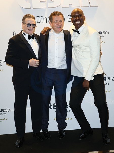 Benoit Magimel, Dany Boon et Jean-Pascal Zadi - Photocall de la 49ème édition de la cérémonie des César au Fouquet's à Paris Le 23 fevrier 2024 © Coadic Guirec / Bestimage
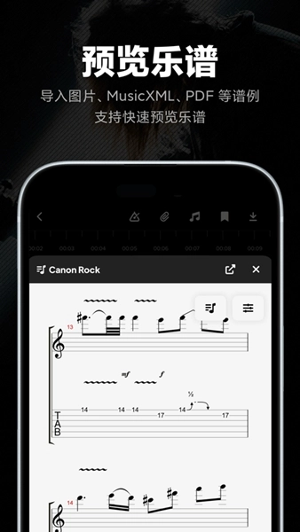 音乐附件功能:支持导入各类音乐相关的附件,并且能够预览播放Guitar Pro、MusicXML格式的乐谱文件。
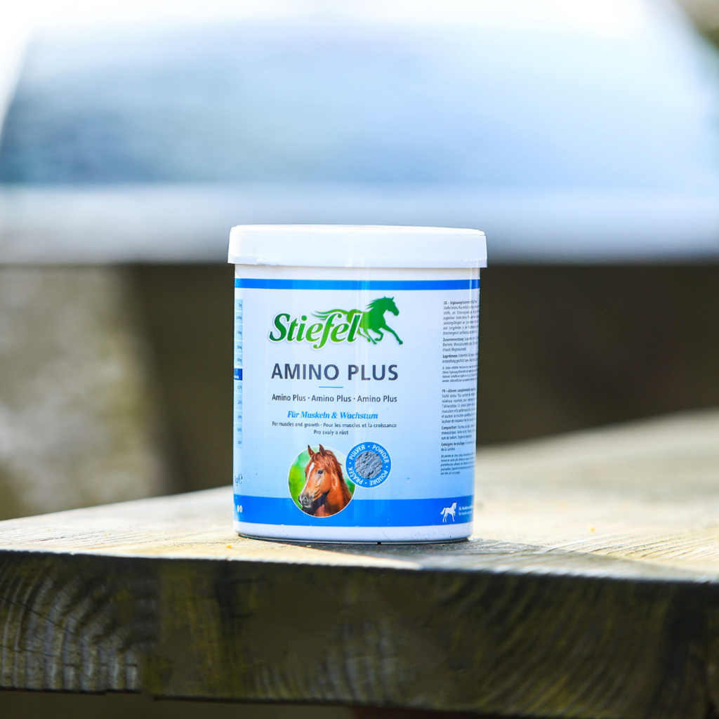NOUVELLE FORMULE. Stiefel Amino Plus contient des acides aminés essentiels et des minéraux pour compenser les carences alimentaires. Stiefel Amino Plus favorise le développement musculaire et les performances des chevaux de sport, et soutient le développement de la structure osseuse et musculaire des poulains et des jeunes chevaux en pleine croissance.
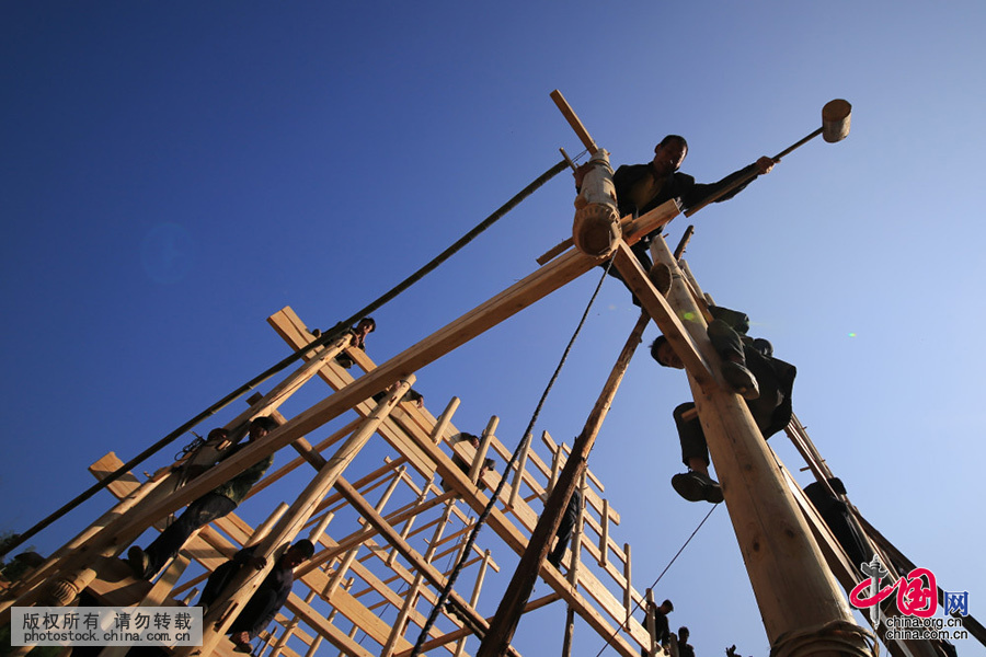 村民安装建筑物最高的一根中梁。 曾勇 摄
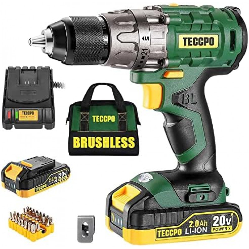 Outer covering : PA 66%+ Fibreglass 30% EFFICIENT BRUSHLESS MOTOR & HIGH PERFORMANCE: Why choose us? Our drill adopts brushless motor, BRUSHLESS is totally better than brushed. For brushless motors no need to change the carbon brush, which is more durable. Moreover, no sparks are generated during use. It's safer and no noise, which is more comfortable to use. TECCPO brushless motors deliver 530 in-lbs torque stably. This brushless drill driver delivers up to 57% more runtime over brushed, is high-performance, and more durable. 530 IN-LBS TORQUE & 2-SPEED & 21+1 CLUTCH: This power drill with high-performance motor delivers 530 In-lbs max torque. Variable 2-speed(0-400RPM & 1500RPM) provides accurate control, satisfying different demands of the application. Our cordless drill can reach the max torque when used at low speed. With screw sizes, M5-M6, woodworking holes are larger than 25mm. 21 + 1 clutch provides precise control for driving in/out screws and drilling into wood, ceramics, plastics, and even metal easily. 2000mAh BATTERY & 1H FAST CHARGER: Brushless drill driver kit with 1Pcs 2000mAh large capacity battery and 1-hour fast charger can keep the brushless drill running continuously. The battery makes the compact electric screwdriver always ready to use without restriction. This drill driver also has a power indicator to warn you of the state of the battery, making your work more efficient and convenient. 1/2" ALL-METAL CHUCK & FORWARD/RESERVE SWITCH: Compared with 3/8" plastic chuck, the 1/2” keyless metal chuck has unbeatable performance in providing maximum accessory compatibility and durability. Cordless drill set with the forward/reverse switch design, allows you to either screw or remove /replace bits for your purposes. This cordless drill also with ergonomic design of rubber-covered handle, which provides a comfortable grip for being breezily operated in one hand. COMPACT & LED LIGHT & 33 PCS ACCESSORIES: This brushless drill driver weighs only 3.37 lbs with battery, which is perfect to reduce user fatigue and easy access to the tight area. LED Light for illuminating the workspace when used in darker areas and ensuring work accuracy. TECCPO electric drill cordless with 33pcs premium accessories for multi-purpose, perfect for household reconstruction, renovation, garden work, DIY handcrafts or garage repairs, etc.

★ ★ ★ ★ ★

## [WORK ORDER]
What should be set down is every line from the opening of the records through the line that contains "村民安装建筑物最高的一根中梁。 曾勇 摄", exactly, with pictures left out.

## [ANSWER FOR THIS EXERCISE]
 Benoit Magimel, Dany Boon et Jean-Pascal Zadi - Photocall de la 49ème édition de la cérémonie des César au Fouquet's à Paris Le 23 fevrier 2024 © Coadic Guirec / Bestimage
 音乐附件功能:支持导入各类音乐相关的附件,并且能够预览播放Guitar Pro、MusicXML格式的乐谱文件。
NOUVELLE FORMULE. Stiefel Amino Plus contient des acides aminés essentiels et des minéraux pour compenser les carences alimentaires. Stiefel Amino Plus favorise le développement musculaire et les performances des chevaux de sport, et soutient le développement de la structure osseuse et musculaire des poulains et des jeunes chevaux en pleine croissance.
 村民安装建筑物最高的一根中梁。 曾勇 摄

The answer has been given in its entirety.